TV Serien - SF & Mystery & Fantasy



22.07.2017
Wir haben auf prime nun Lucifer geschaut, the man in he high castle und die shannara chronicles. Sie haben uns alle gut gefallen. Allerdings habe ich american gods abgebrochen, ich liebe das Buch und kam mit der Verfilmung nicht klar. Und jetzt schaue ich mal meinen SUS ab. Momentan habe ich wieder Fringe im Player, vorher habe ich warehouse 13 nochmals gesehen, danach kommt 4400 dran. Die Serienwelt ist ja echt mittlerweile genauso unendlich wir die Bücherwelt :)

Juni 2017
Ich habe festgestellt, dass ich in die Buchrezensionen so viel Arbeit stecke, dass ich für die aufwändigen Serien und Filmrezensionen eigentlich keine Lust und Zeit habe. Daher werde ich die Einträge ändern und nur schreiben, ohne mir die Daten und Cover aus dem Netz zu holen.

Momentan schaue ich die DC Serien.
Die Reihenfolge sollte sein: Arrow, Flash und dann Legends of tomorrow, auch wenn ich Flash als letztes gesehen habe. Die Serien bauen ein bißchen aufeinander auf bzw. spielen parallel und es gibt viele Crossovers. Ob Starling City, Gotham City oder Central City, die Städte wirken düster und bedroht und alle brauchen einen Helden, der sie rettet.

Arrow hat mir am wenigstens gefallen aber eigentlich nur, weil mit der Typ nicht gefällt. Zu kantig, zu steif und seine Emotionen zeigt er wie ein Brett. Aber die Geschichte ist spannend und die Rückblicke auf die Ereignisse, welche auf der Insel geschehen, sind super gemacht. Nach und nach verlagert sich das Geschehen zwar in die Stadt, hat aber dann so an Fahrt aufgenommen, dass es Spaß macht. Die Nebenfiguen wie Felicity, Sarah, Diggle oder auch Slade Wilson sind gut besetzt und bereichern die Serie ungemein.

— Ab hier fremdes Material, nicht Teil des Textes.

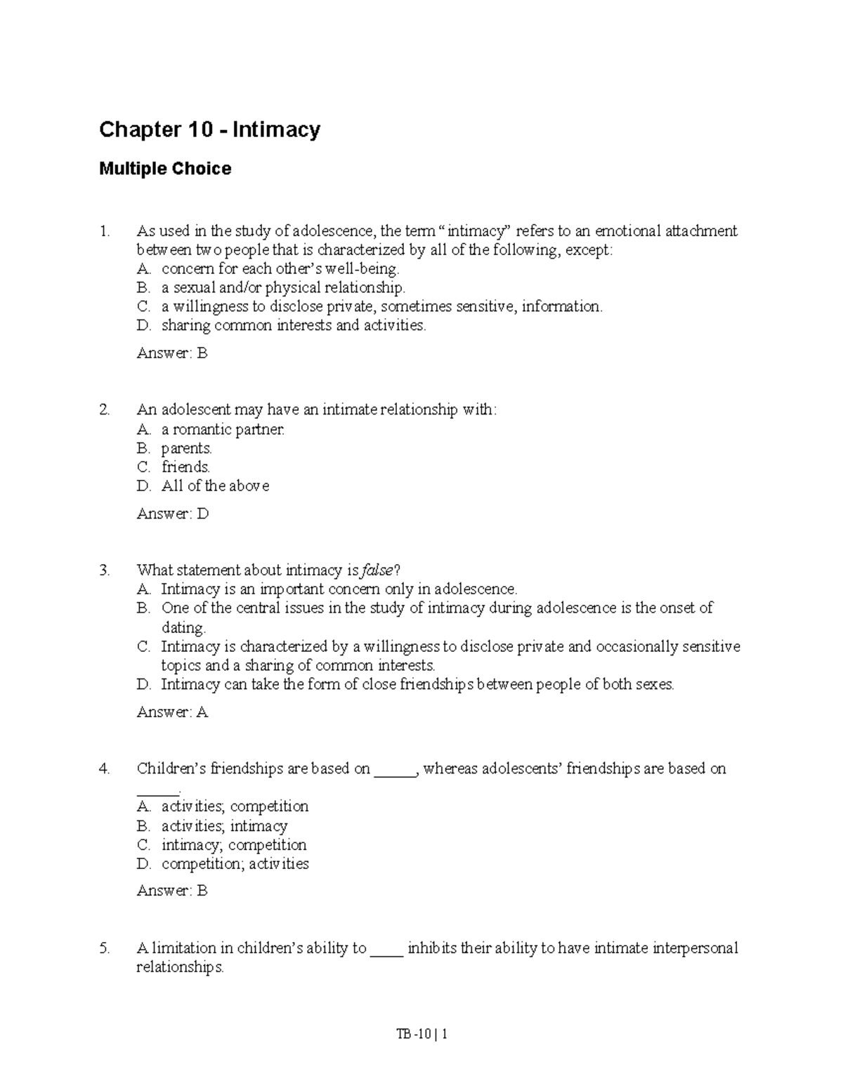 Chapter 10: Intimacy Insights - HDFS 3700 Practice Test Summary - Studocu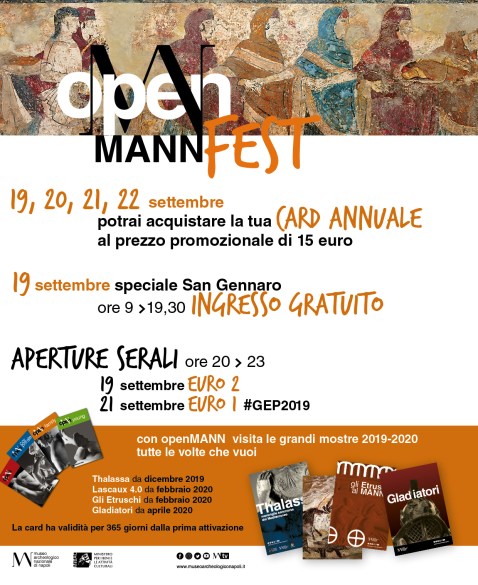 E dal 19 al 22 settembre 2019, al via l’OpenMANNFest: per quattro giorni, sarà possibile, esclusivamente presso la biglietteria del museo, sottoscrivere a prezzi promo l’abbonamento annuale all’Archeologico (15 euro per adulti, 10 per giovani tra i 18 ed i 25 anni, 30 per una coppia di over 25). L’OpenMANN Fest è stato programmato non soltanto in occasione della festività di San Gennaro (dalle 9 alle 19, l’ingresso al Mann sarà gratuito, mentre dalle 20 alle 23 il museo resterà aperto con ticket a 2 euro), ma anche delle Giornate Europee del Patrimonio. Il 21 ed il 22 settembre, saranno in calendario, infatti, alcuni eventi culturali per festeggiare gli European Heritage Days: sabato 21 (ore 18), presentazione del volume “Gli ultimi giorni del comandante Plinio” di Alessandro Luciano; per l’apertura serale (orario: 20-23; costo: 1 euro), nel Giardino delle Fontane (ore 21), in programma il concerto dei dipendenti dell’Archeologico intitolato “DivertissMANN”. Spazio per il pubblico di giovanissimi (8-12 anni), nel laboratorio didattico “Archaeology for kids”, previsto per domenica 22 settembre (ore 11): partendo dalla mostra “Mann on the moon”, la fantasia dei più piccoli sarà guidata in un suggestivo racconto delle stelle, realizzato in collaborazione con l’Osservatorio Astronomico di Capodimonte e la Biblioteca Nazionale di Napoli (l’evento, condotto dalla prof. Alessandra Pagliano, rientra nella preview della manifestazione “La notte dei ricercatori 2019). E durante le aperture serali (19 e 21 settembre) sarà possibile degustare gli aperitivi preparati dal MANNCaffé (le consumazioni non saranno incluse nel ticket di ingresso al MANN).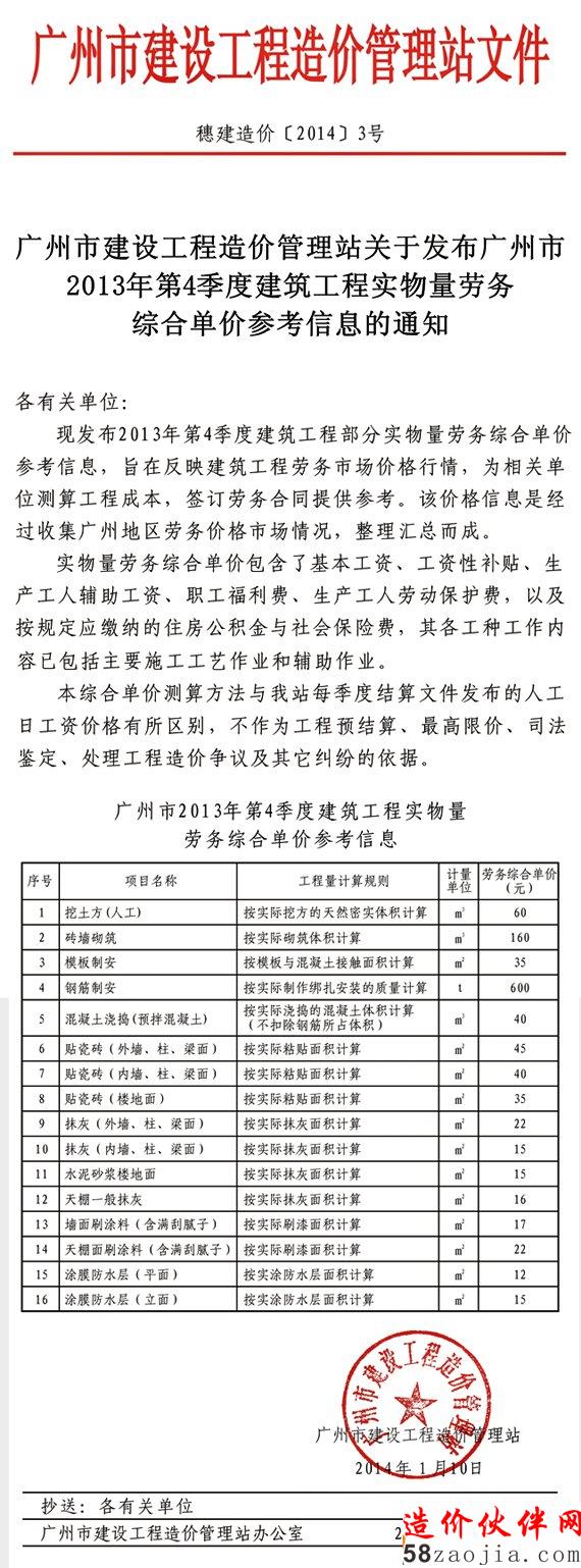 [广州]2013年第4季度实物量劳务综合单价发布通知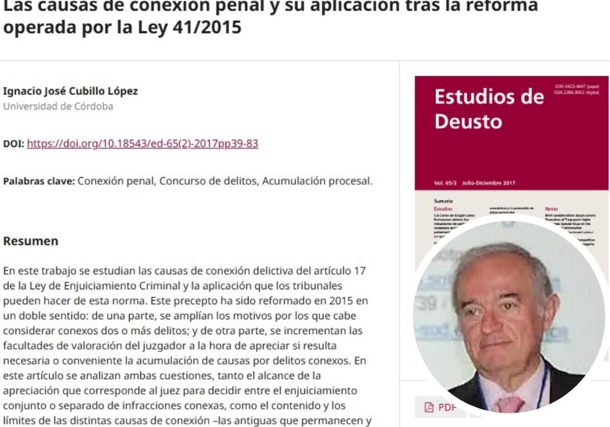El artículo se llama «Las causas de conexión penal y su aplicación tras la reforma operada por la Ley 41/2015», lo escribió Ignacio José … Cubillo López, profesor de titular de Derecho Procesal de la Universidad de Córdoba, y fue publicado en 2017 por la «Revista de Derecho Público» de la Universidad de Deusto.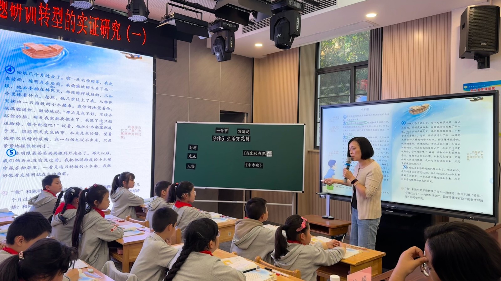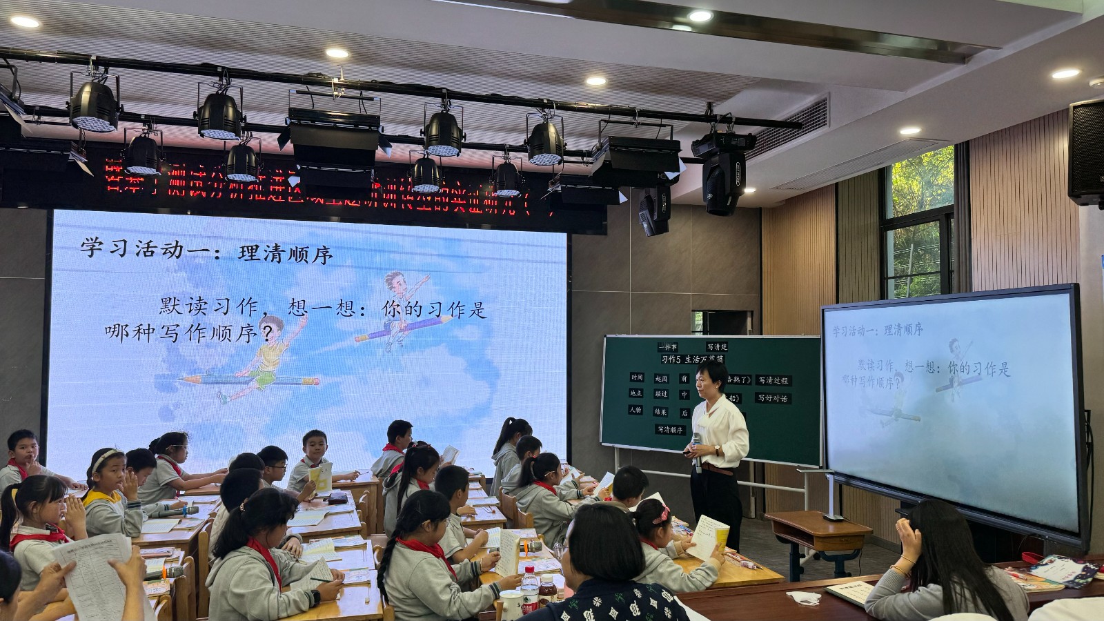 第二节课,何俊玮老师执教《爬天都峰》第一课时。何老师先带领孩子理清课文的写作顺序,让写作顺序在学生心中深深扎根。接着带领学生品读课文,渗透如何把事情的过程写清楚。最后关注文章中的对话,让学生明白写清对话也可以帮助我们写清楚一件事。何老师这种指向写作的阅读课,让学生习得了“写一件事”的技巧和方法,为进一步修改习作做好了铺垫。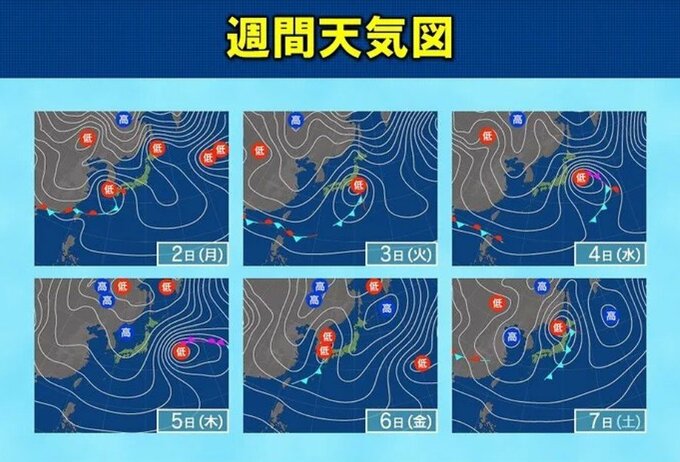 気象庁によりますと、日本の東を進む低気圧が3月1日(日)にかけて北上しながら急速に発達し、2日(月)には暴風警報級の勢力で千島近海に進む見込みです。また、前線が小笠原諸島付近を通過するため、同諸島では土砂災害、落雷、突風、急な強い雨に注意が必要です。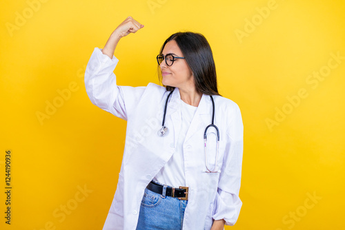 Young brunette doctor woman wearing stethoscope standing over isolated yellow background showing arms muscles smiling proud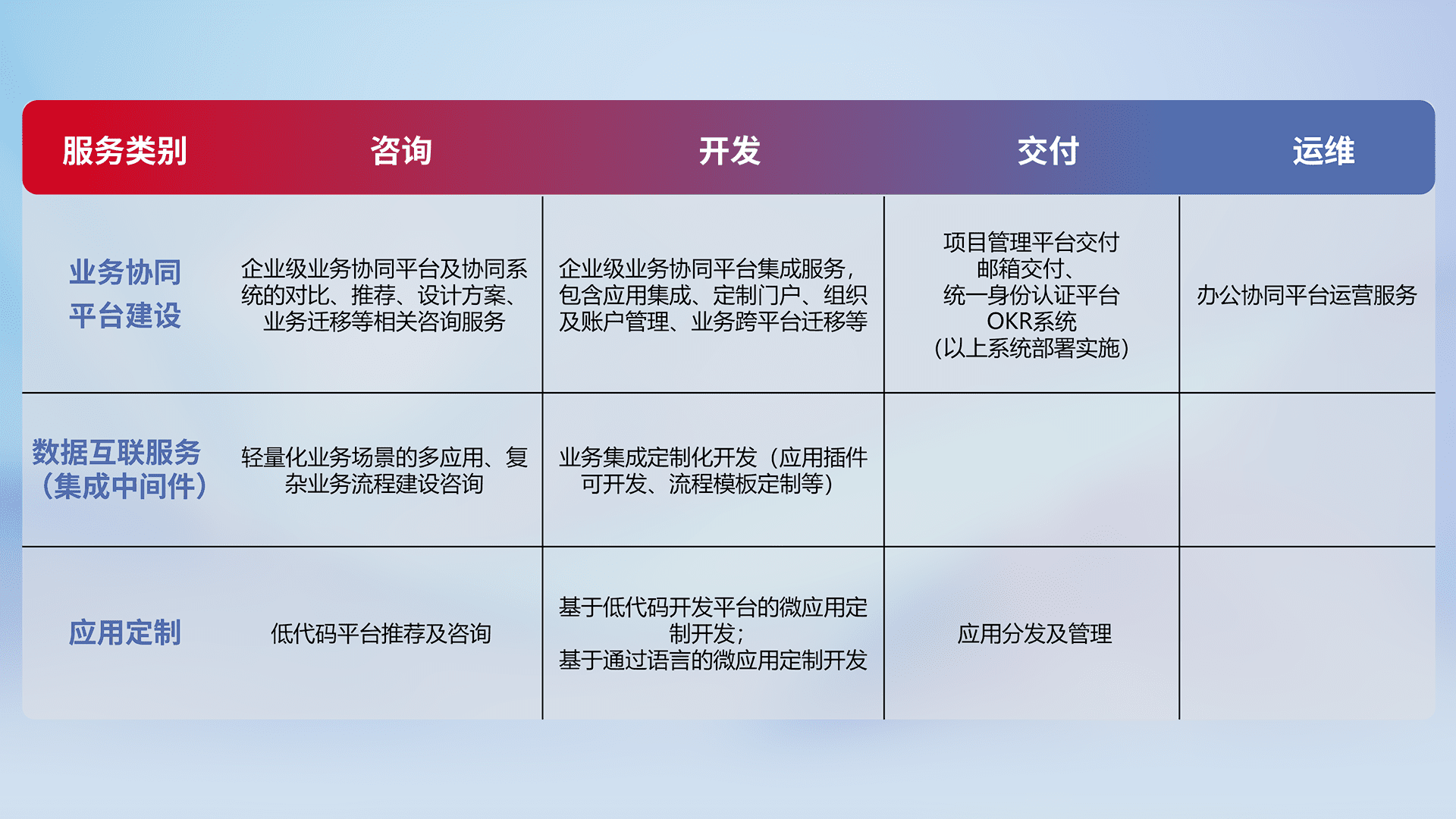 针对钉钉、、、、企微、、、、IDaas等平台级产品提供产品的规划、、、、方案、、交付、、定制化开发等服务,,,实现如统一协同办公、、、、智能客户服务、、、、混合会议管理、、智能数据查询、、、、等业务场景,,,,实现数字化转型。。。。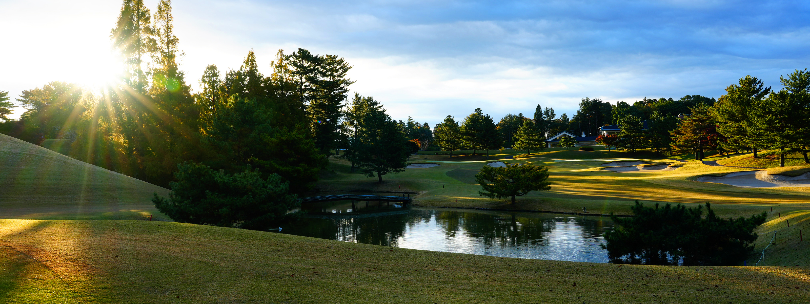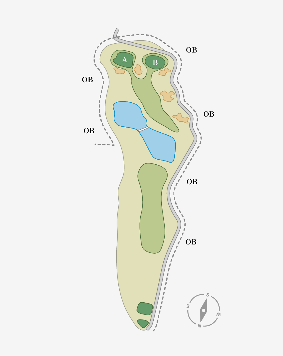 中央にひょうたん池の待ち受けるロングホール。ティーショットの出来次第ではセカンドで無理をせず、池手前に刻む選択も。2オン狙いなら左サイドをキープ。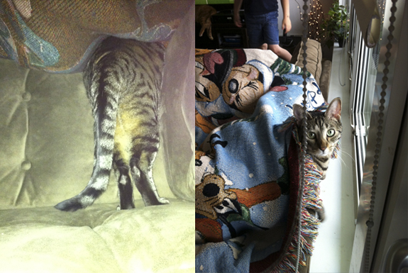 Emory has been building forts lately. He built one on our couch and then we went for a walk. When we got back, this was happening. (Inside view, outside view.) What a freak.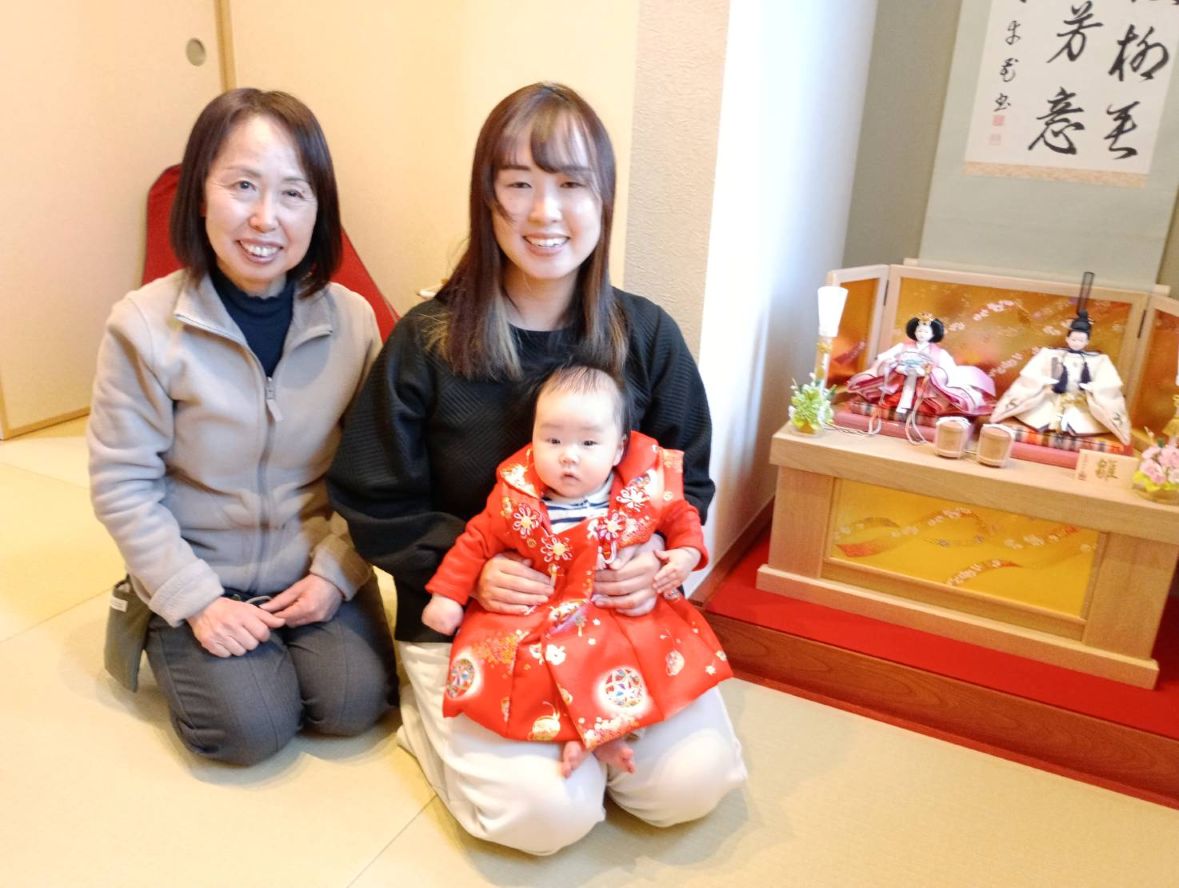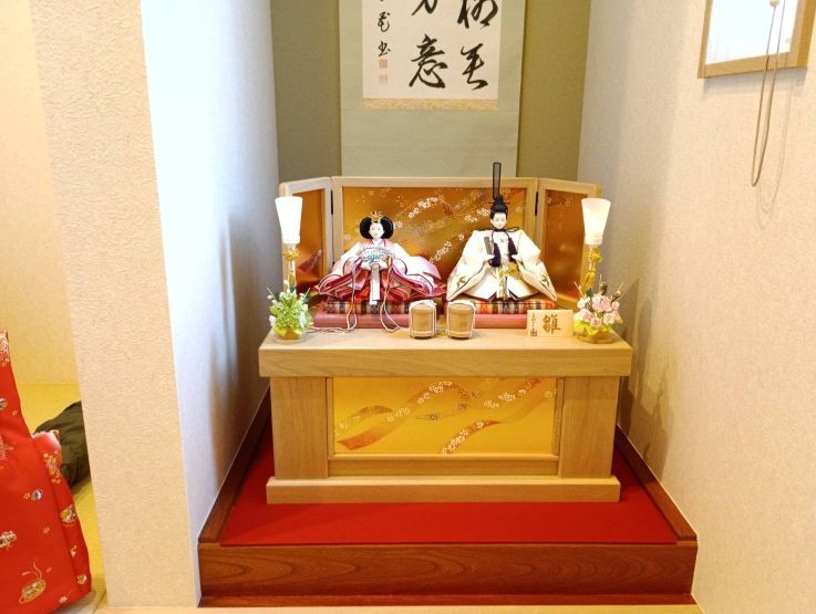 和の空間に 赤ちゃんのママ直筆である書の掛軸と一緒に 凛と飾られました 優しい木肌の収納飾に お好きな親王をお選びいただきお客様オリジナルのおひな様になりました ちなみに 掛軸の書は、『春を喜ぶ漢詩』だそうです 素敵な お節句かざりですね
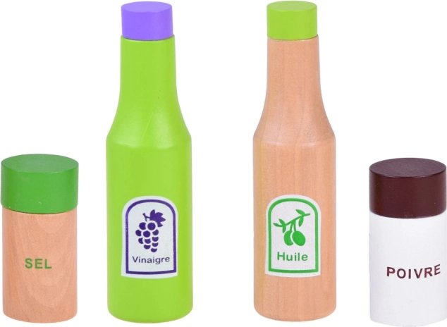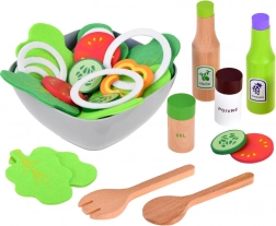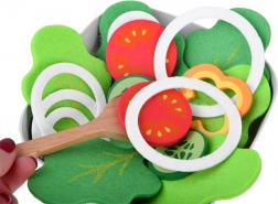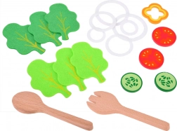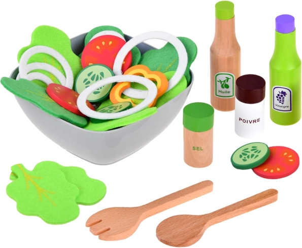 Vilten groenteschijfjes, houten kruidenflesjes en serveerlepels laten kinderen een “echte” salade maken en prikkelen de fantasie tijdens het keukenspel.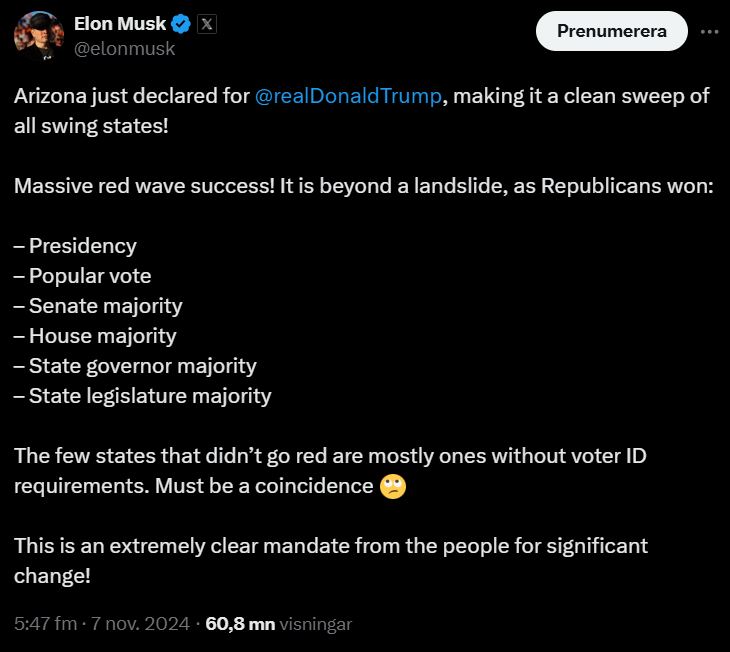Musk: Trumps intervju med Joe Rogan avgjorde valet

Flash spielt parallel zu den Ereignissen von Arrow und sowohl Arrow als auch Diggle und Felicity haben Gastauftritte. Man muss Arrow nicht kennen, um die Handlung zu verstehen, es macht aber mehr Spaß. Da ich vor Flash schon die Legends gesehen hatte, konnte ich noch viel mehr an kleinen Sidekicks erkennen. Mein männliches Lieblingsduo tritt in Flash als die Ulltrabösen auf und Mr. Cold zeigt hier schon seinen brillianten Verstand. Und auch auf Dr. Martin Stein finden sich schon Hinweise, ebenso auf die Entwicklung des Firestorm, der in den Legends ja eine tragende Rolle spielt. Atom tritt als Felicitys Freund in Erscheinung, was ich nicht so ganz verstanden habe, da er in den Legends immer einer Ann nachtrauert, da fehlt mir wohl Arrow Staffel 3. Zuerst mochte ich Flash/Barry nicht. Aber im Gegensatz zu Arrow, zeigt Flash hier eine breite Palette von Gefühlen. Als er denkt, dass Iris ihn liebt ist er aufgeregt und durcheinander wie ein Teenager und man kann es ihm vom Gesicht ablesen. Als er seinen Hass und seine Wut in sich verstecken muss, zeigt er ein sehr ernsthaftes Gesicht. Die Mimik des Schauspielers beherrscht eine breite Palette von Gefühlen und ich hoffe, aus ihm wird noch etwas. Was ich nicht ganz verstehe ( und ich hasse das) 
Harrison Wells sagt, dass, wenn Barry in die Zeit zurückreist und seine Mutter rettet, es diese aktuelle Zeitlinie nie geben wird. Er wird seine Freunde bei Starlabs nicht mehr kennen und nich bei Joe aufwachsen, viellecht Iris nie so gut kennenlernen. Er gäbe somit alles auf, was ihn momentan ausmacht und niemand weiß, wie die neue Zeitlinie werden wird. OK, ist mir klar.
Wenn aber Harrison Wells nie existiert hat, nie den Teilchenbeschleuniger gebaut hat, es nie zu der Katastrophe kam, warum bleibt die Zeitlinie jetzt gleich? Da müssten doch auch Veränderungen aufgetreten sein. Aber die machen alle weiter wie vorher?? Verstehe ich nicht.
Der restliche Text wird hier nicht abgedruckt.